Friday, January 3, 2014
Since the 2010/11 marketing year, surplus global sugar production—the difference between total world production and total use—has led to the accumulation of stocks and downward pressure on world sugar prices. The global surplus is forecast to be smaller in 2013/14, as lower world prices in 2012/13 contribute to slightly lower production and greater consumption in 2013/14, however stocks are forecast to remain relatively high. India and China are the main sources of increased stocks, both in tonnage and in terms of percentage change; stock accumulation has also been significant in the European Union and Thailand. With stocks relative to use remaining above average, world sugar prices are forecast to be lower than levels seen in recent years.

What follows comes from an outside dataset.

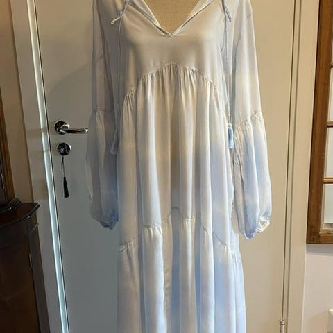 Storlek 44. Hel längd ca 57cm, bredd i midja ca 42cm, bredd över stuss ca 59cm. 50% polyester 50% viscose.

The U.S. sugar sector has gained significant support from high world prices until this past year and, although U.S. policies will limit domestic impacts, the outlook for lower world prices will have implications for U.S. producers and processors and USDA programs that provide domestic price support. This chart can be found in Sugar and Sweeteners Outlook: December 2013.
Tuesday, July 23, 2013
Brazil accounts for a dominant share of world sugar exports because of rapid expansion of cane sugar production at globally competitive prices. Brazil’s share of world sugar exports expanded fairly consistently from about 5 percent in 1989/90 to an average of just under 50 percent since 2009/10. The market share for other major sugar exporters, including Australia, Colombia, Guatemala, South Africa, and Thailand, has shown little tendency to grow or contract over time, and the rise in Brazil’s market dominance has been associated largely with decline in exports by previously large suppliers, particularly the EU and Cuba. Highly competitive costs of production have been a key factor driving the expansion of Brazil’s sugar exports. LMC International reports that production costs in the key Center/South region, which have been increasing, especially in dollar terms, for several years may now be leveling off. The last several years have seen the sugarcane crop aging due to underinvestment in the field. Replant rates have recovered in 2012, but it will take several years to restore a more optimal age profile. Nonetheless, Brazil, especially in the Center/South region, retains cost advantages from large average mill size and long crushing seasons. This chart can be found in Sugar and Sweeteners Outlook: June 2013.